Time to Rethink Future Strategies
And so I return to where I began. The model that brought Korea to this brink does not seem fit for the future to me. Korea might instead choose to become a “conserver society” (instead of a “consumer society”), in which consumption is reduced, more is done with less, and what is done is done better.
On the other hand, Korea might continue down the high tech path of robotics and AI, and become a dream society of “full unemployment”, where only a few people “work”—or where “everyone” works part time, or for some period of their life, otherwise having fair access to goods and services produced without their labor, manual or mental.

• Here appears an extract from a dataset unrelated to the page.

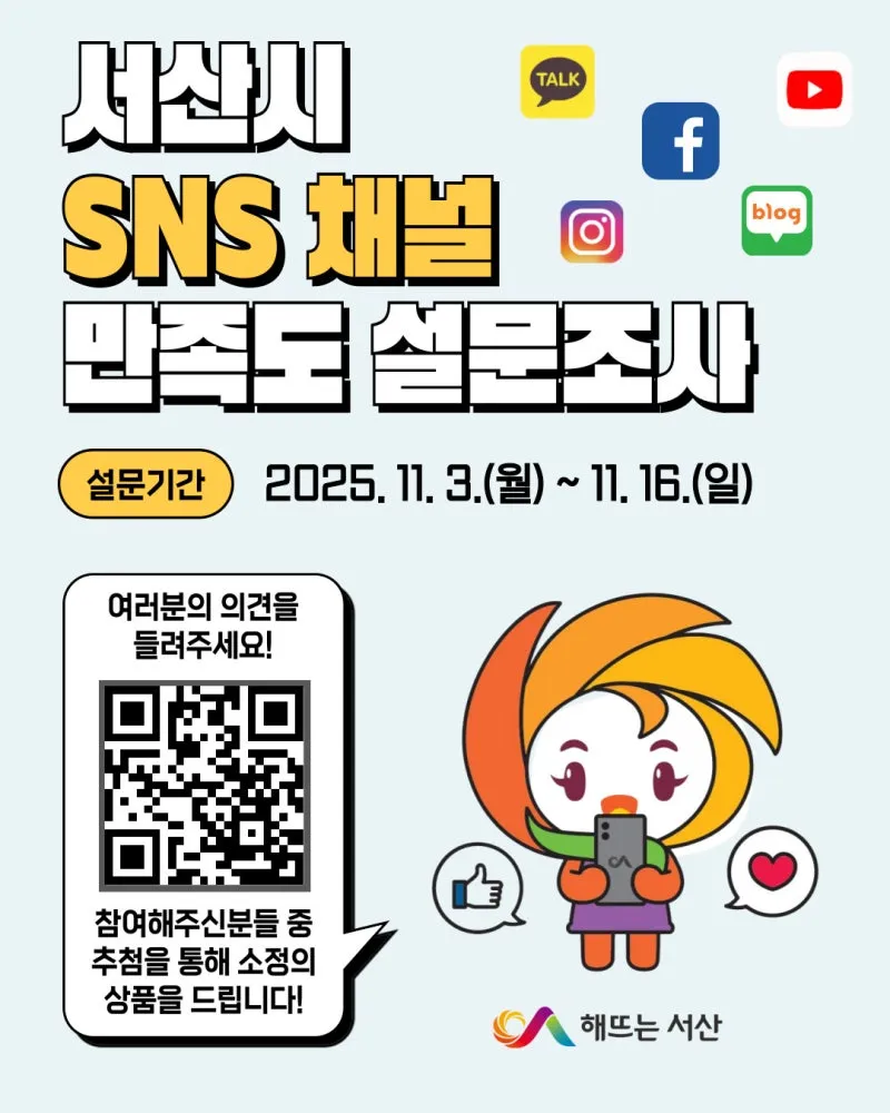 「서산시 SNS 채널 만족도 설문조사」를 실시합니다!

I have no interest in telling Koreans what their future should or should not be. My only interest is in encouraging Koreans to be something they have, as a nation, never been before but that I feel confidence they can and should become now, on the basis of my many years of learning from Koreans, in Korea and Hawaii: visionaries of a new future for Korea and the world that is fit for the Anthropocene Epoch into which we are all now plunging. This is a world in which humans are not primarily workers and consumers of products, but rather live lives of meaning, identity, playfulness, and peaceful cooperation on the evolvable planet Earth.
Jim Dator is a professor emeritus and director of the Hawaii Research Center for Futures Studies in the department of political science at the University of Hawaii.